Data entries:

========================

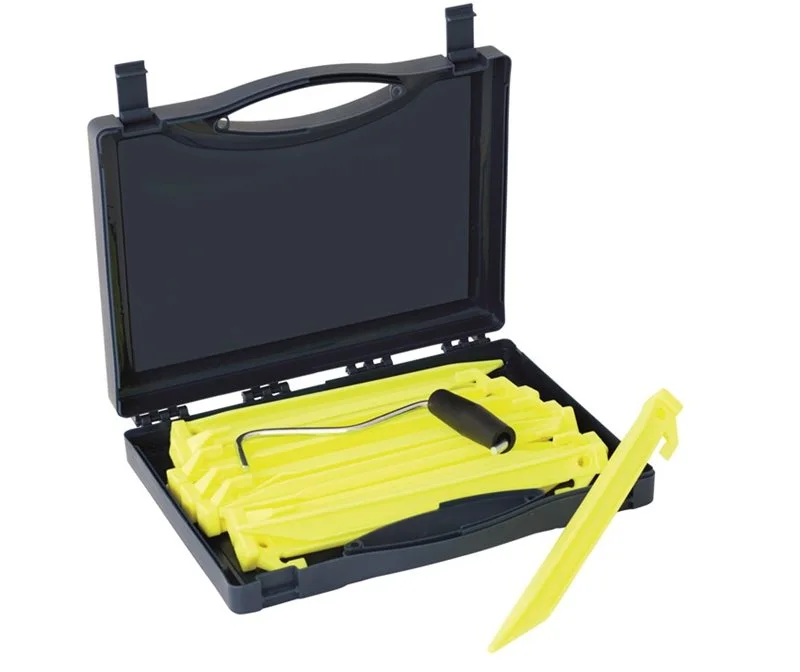 Suitable for soft to medium grounds with few stones, the box comes with 14 plastic pegs, peg remover, and extractor and carry case.
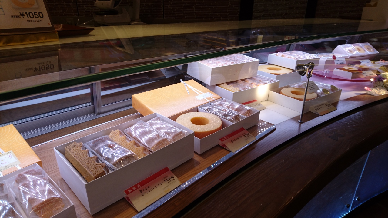 横浜駅から地下道を通って行くと、横浜そごうの地下2階とつながっています。その入口からら入ってすぐ左にあります。こちらのお店は、銀座に本店があるようです。ここのバームクーヘンの周りの砂糖部分がサクサクで、美味しいいと感じる部分でもあります。ちょっと高めですが、数量限定で切り落としの様な部分も売られており、3つ入って税込み700円ちょっとと、お買い得ですよ!
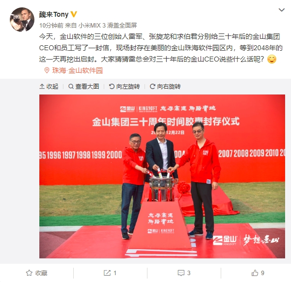另據小米董事長特別助理@魏來Tony 透露:“金山軟件的三位創始人雷軍、張旋龍和求伯君分別給三十年後的金山集團CEO和員工寫了一封信,現場封存在美麗的金山珠海軟件園區內,等到2048年的這一天再挖出啓封。大家猜猜雷總會對三十年後的金山CEO説些什麼話呢?”
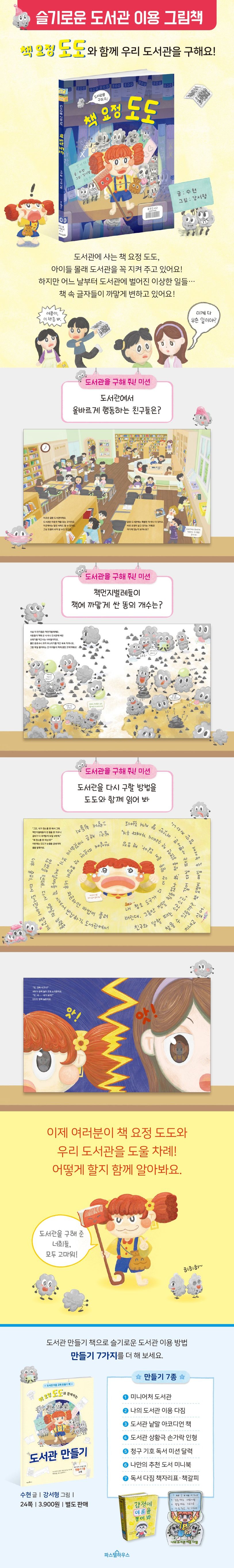 그림책에서 읽은 내용들을 다시 쓰고, 찾고, 만들기(7종 수록) 할 수 있는 활동책도 함께 들어 있어요(초판 한정). 집에서, 학교에서, 기관에서 어린이 독서교육, 도서관 교육에 유용한 자료로 써 보세요. 다 하고 나면 도서관이라는 장소가 더욱 즐겁고 사랑스런 곳이 될 거예요. 도서관의 책들도 아주 소중해질 거고요.
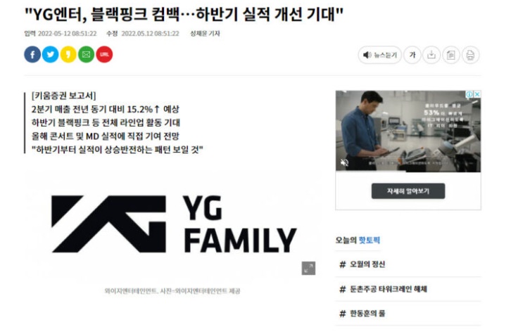 YG는 올 1분기 영업 이익이 전년 대비 36% 하락한 것을 확인할 수 있으며, 실제로 당장 컴백하는 것이 아님에도 블랙핑크를 팔아 주가 하락인 지금 상황을 넘기고 있는 것이다.
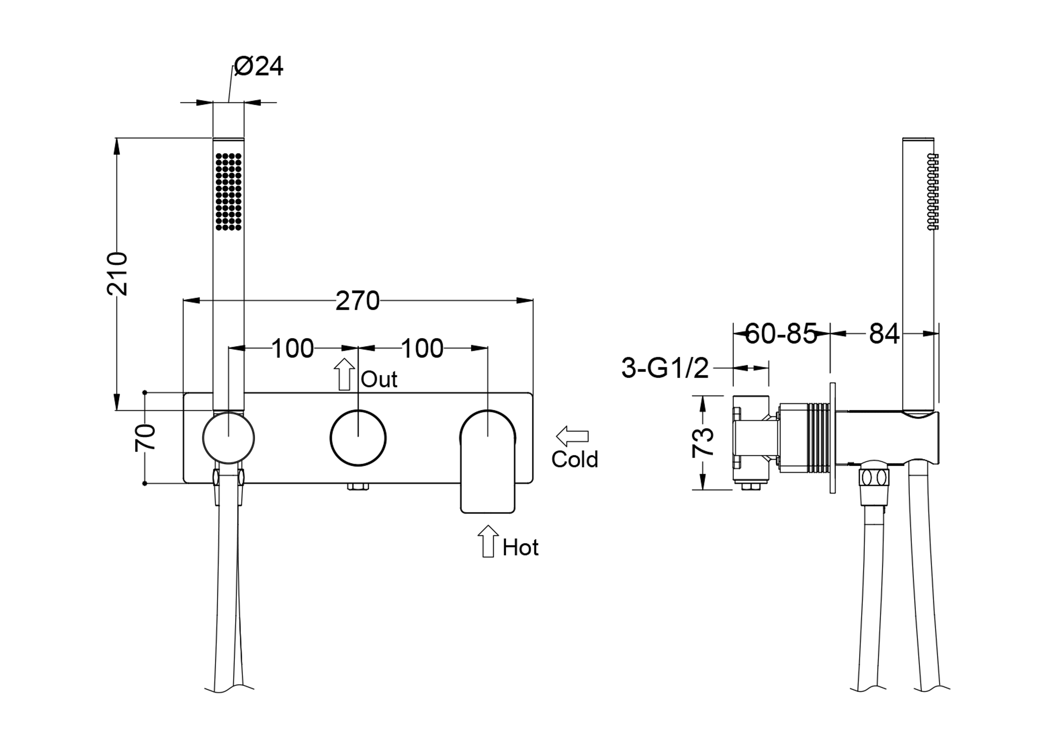 HORIZON COPPER BRUSHED Bateria podtynkowa dwu-funkcyjna typ 2.0 MOBI

========================

What this task involves = Write out nothing but the lines from the one with "横浜駅から地下道を通って行く" through the last line of the entries, exactly as they stand; pictures are not part of the copy.

Completed exercise =
 横浜駅から地下道を通って行くと、横浜そごうの地下2階とつながっています。その入口からら入ってすぐ左にあります。こちらのお店は、銀座に本店があるようです。ここのバームクーヘンの周りの砂糖部分がサクサクで、美味しいいと感じる部分でもあります。ちょっと高めですが、数量限定で切り落としの様な部分も売られており、3つ入って税込み700円ちょっとと、お買い得ですよ!
另據小米董事長特別助理@魏來Tony 透露:“金山軟件的三位創始人雷軍、張旋龍和求伯君分別給三十年後的金山集團CEO和員工寫了一封信,現場封存在美麗的金山珠海軟件園區內,等到2048年的這一天再挖出啓封。大家猜猜雷總會對三十年後的金山CEO説些什麼話呢?”
 그림책에서 읽은 내용들을 다시 쓰고, 찾고, 만들기(7종 수록) 할 수 있는 활동책도 함께 들어 있어요(초판 한정). 집에서, 학교에서, 기관에서 어린이 독서교육, 도서관 교육에 유용한 자료로 써 보세요. 다 하고 나면 도서관이라는 장소가 더욱 즐겁고 사랑스런 곳이 될 거예요. 도서관의 책들도 아주 소중해질 거고요.
 YG는 올 1분기 영업 이익이 전년 대비 36% 하락한 것을 확인할 수 있으며, 실제로 당장 컴백하는 것이 아님에도 블랙핑크를 팔아 주가 하락인 지금 상황을 넘기고 있는 것이다.
 HORIZON COPPER BRUSHED Bateria podtynkowa dwu-funkcyjna typ 2.0 MOBI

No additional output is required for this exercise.